During the 2013 launch of the expansion projects, the company confirmed the La Porte expansion will add about 363,000 tpy of ethylene capacity at the plant, while the Channelview project will expand that site's capacity by 113,000 tpy (OGJ Online, July 1, 2013).

TRANSPORTATIONQuick Takes

Magnolia LNG files formal FERC application

Magnolia LNG LLC, a wholly owned subsidiary of Liquefied Natural Gas Ltd., Perth, has filed an application with the US Federal Energy Regulatory Commission seeking authorization for the siting, construction, ownership, and operation of the proposed Magnolia LNG project along the Calcasieu River, near Lake Charles, La.

The FERC filing follows extensive work performed by Magnolia LNG since early 2013 on front-end engineering design, pre-filing consultation, and preparation of 13 draft Resource Reports for FERC.

The work also has involved consultation with other federal, state and local agencies, such as the Louisiana Department of Environmental Quality, US Department of Transportation, and the US Coast Guard, Magnolia said.

Magnolia LNG said it anticipates receiving all approvals during 2015, which will be a key requirement for financial close.

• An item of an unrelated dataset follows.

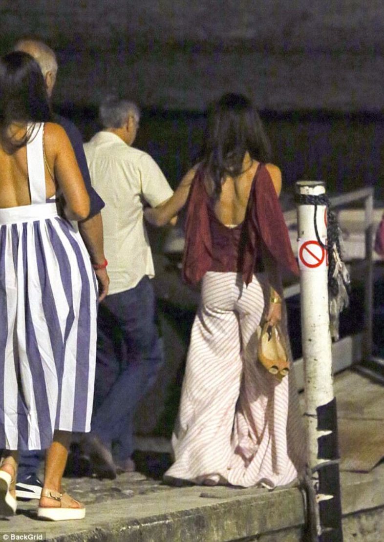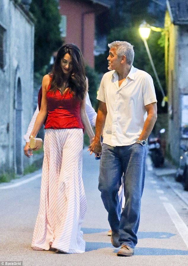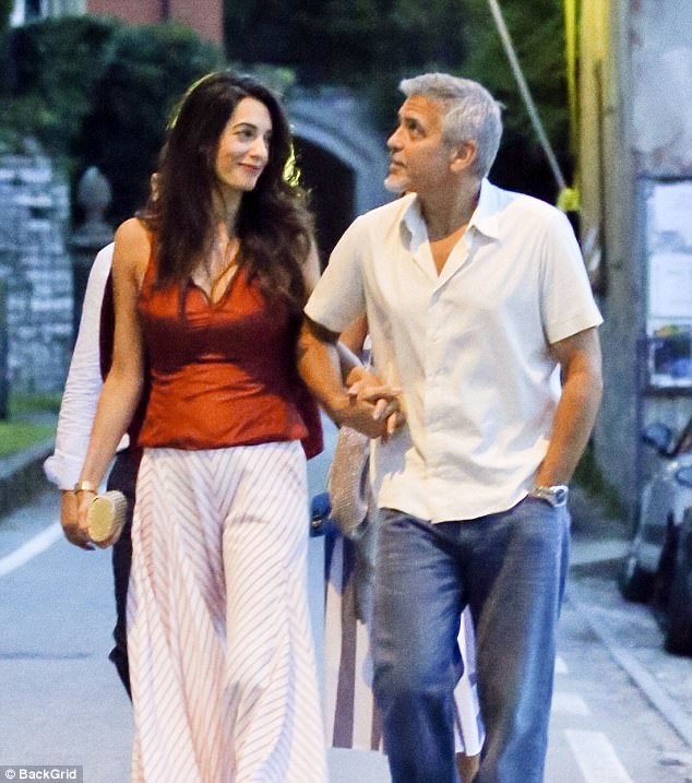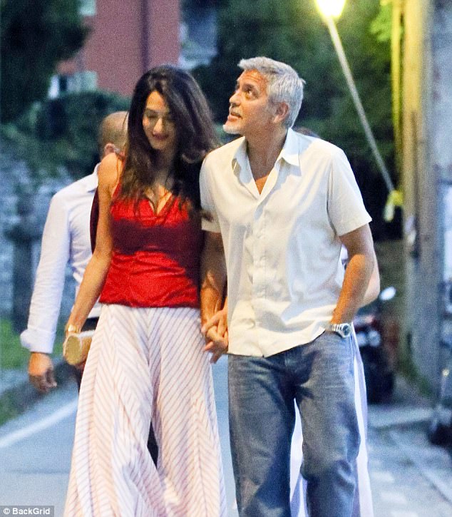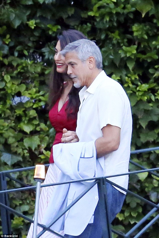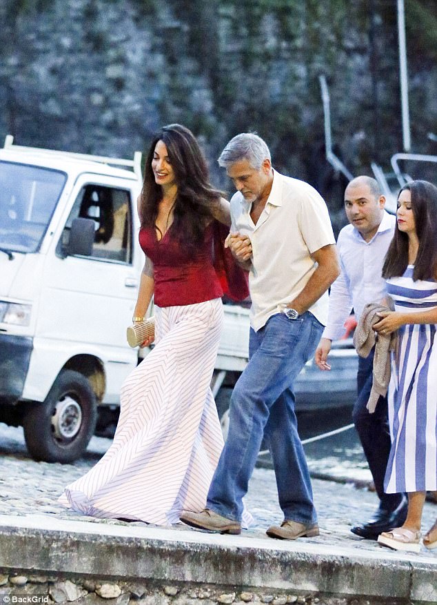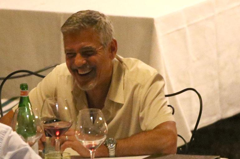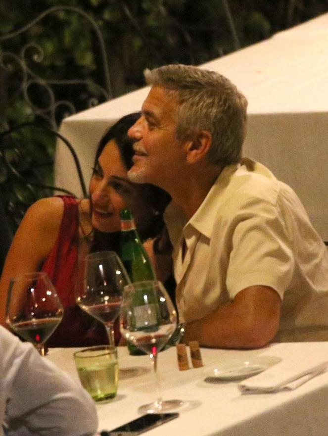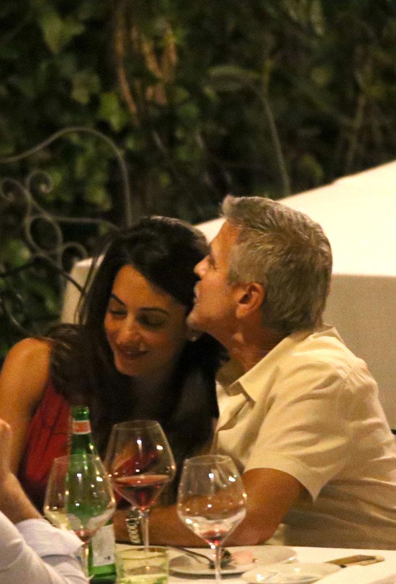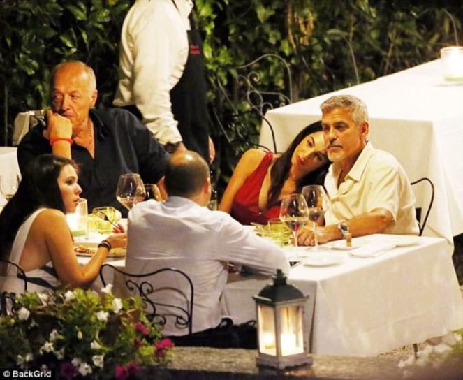 Amal and George Clooney have been spotted week dining with friends and security guard at one of their favourite restaurants Le Darsene restaurant in Bellagio, Italy.

Construction will start shortly thereafter, with first LNG exports planned for second-half 2018.

LNG Ltd. and Magnolia LNG will now focus on securing an EPC contract and finalizing legally binding liquefaction tolling agreements with counterparties.

LNG Ltd. in January signed a binding pipeline capacity agreement with Kinder Morgan Louisiana Pipeline (KMLP), securing sufficient firm gas transportation for the plant's full 8-million tonne/year (tpy) capacity. Magnolia will use four 2-million tpy trains (OGJ, Apr. 7, 2014, p. 108).

NEB grants export licenses for two LNG projects

Canada's National Energy Board has approved applications for 25-year natural gas export licenses for two proposed LNG export projects.

Aurora Liquefied Natural Gas Ltd. received approval to export a maximum of 24 million tonnes/year of LNG from its proposed site near Prince Rupert, BC. Oregon LNG Marketing Co. LLC received approval to export a maximum of about 10.5 million tpy from its site near Kingsgate and Huntingdon, BC.

Aurora LNG is a joint venture of Nexen (a division of CNOOC), Inpex Corp., and JGC Corp. In November last year, it acquired exclusive rights to almost 1,900 acres of BC government land and deepwater access at Grassy Point, 18 miles north of Prince Rupert, for an LNG export plant (OGJ, Apr. 7, 2014, p. 108). CNOOC acquired Nexen in 2012 to improve its access to Western Canadian shale gas.

Nexen's web site claims that third-party evaluators have estimated that the gas assets Nexen and its joint venture partners share in the Horn River and Cordova basins hold as much as 15 tcf of recoverable resources, while the Liard lands may contain as much as 23 tcf of "prospective resource."